Try it
Your answer should hold exactly the lines below from the line with "Emmy’s gown and" through the line with "İnşaatın alt sektörleri", both included, and no pictures at all.

Record set
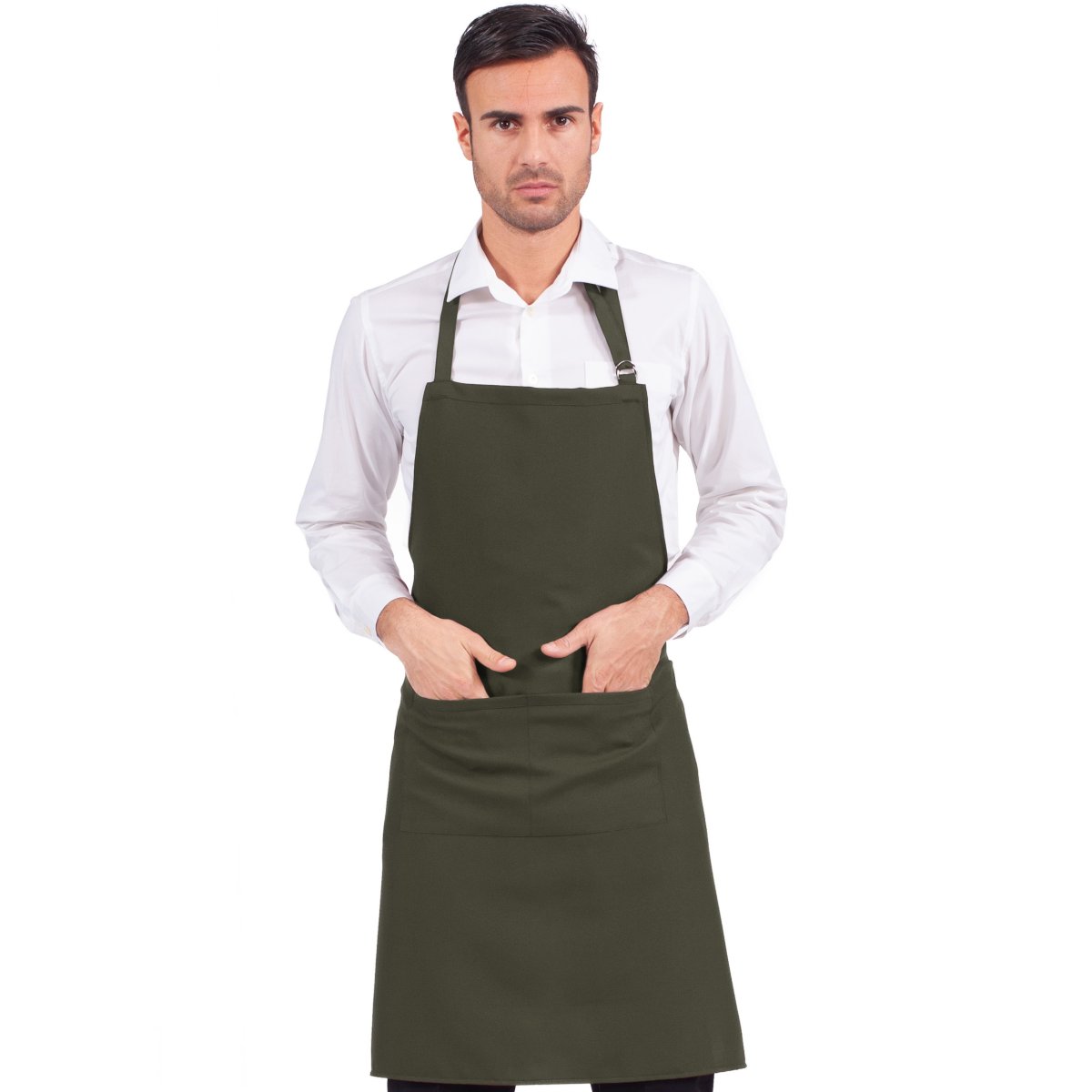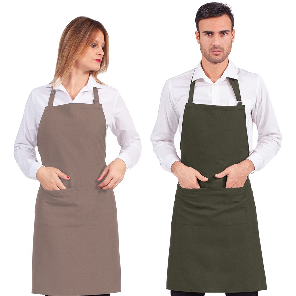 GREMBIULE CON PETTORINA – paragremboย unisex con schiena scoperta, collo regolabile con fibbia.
...
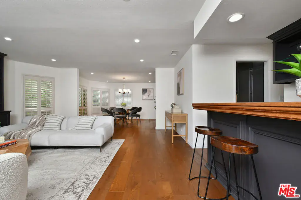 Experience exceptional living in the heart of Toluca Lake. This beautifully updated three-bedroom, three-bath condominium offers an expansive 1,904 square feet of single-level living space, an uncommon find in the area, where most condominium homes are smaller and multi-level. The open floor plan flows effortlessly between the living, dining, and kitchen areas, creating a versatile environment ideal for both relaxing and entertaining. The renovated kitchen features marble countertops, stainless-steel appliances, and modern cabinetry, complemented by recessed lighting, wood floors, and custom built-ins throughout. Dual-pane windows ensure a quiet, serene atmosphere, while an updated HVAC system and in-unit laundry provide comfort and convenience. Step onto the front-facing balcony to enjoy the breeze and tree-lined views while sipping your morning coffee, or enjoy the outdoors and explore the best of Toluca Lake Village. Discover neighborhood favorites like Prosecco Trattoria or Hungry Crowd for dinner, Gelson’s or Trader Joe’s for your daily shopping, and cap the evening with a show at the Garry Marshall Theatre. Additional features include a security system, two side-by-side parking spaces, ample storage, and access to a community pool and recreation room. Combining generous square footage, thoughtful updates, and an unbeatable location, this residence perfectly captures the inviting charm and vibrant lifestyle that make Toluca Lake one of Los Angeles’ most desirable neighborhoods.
* * *
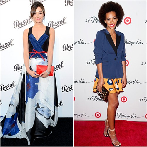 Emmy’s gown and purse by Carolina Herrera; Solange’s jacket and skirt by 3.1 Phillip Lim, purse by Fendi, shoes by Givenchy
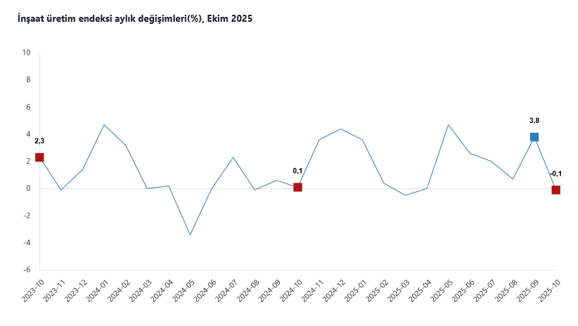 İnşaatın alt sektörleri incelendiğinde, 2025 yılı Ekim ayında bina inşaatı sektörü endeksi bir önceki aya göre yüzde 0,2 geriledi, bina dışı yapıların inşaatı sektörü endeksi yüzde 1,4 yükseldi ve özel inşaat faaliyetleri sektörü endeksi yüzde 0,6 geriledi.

Exercise result
 Emmy’s gown and purse by Carolina Herrera; Solange’s jacket and skirt by 3.1 Phillip Lim, purse by Fendi, shoes by Givenchy
 İnşaatın alt sektörleri incelendiğinde, 2025 yılı Ekim ayında bina inşaatı sektörü endeksi bir önceki aya göre yüzde 0,2 geriledi, bina dışı yapıların inşaatı sektörü endeksi yüzde 1,4 yükseldi ve özel inşaat faaliyetleri sektörü endeksi yüzde 0,6 geriledi.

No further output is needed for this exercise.